» **DATASET RECORDS**:
Start of Block

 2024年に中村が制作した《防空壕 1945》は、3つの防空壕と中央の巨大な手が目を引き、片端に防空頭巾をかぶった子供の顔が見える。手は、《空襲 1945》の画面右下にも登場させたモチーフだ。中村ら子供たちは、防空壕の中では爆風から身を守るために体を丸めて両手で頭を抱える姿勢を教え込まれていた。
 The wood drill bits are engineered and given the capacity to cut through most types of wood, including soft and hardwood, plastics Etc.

End of Block
Start of Block

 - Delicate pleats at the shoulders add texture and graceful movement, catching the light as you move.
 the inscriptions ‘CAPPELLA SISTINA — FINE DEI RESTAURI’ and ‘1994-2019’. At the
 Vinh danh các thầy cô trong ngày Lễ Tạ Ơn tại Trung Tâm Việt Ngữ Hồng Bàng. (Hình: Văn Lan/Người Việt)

End of Block

» **PROBLEM**: From the entries above, restate word for word the lines from the line containing "- Delicate pleats" to the line containing "Vinh danh các", both ends included, and nothing more.

» **YOUR SOLUTION**:
 - Delicate pleats at the shoulders add texture and graceful movement, catching the light as you move.
 the inscriptions ‘CAPPELLA SISTINA — FINE DEI RESTAURI’ and ‘1994-2019’. At the
 Vinh danh các thầy cô trong ngày Lễ Tạ Ơn tại Trung Tâm Việt Ngữ Hồng Bàng. (Hình: Văn Lan/Người Việt)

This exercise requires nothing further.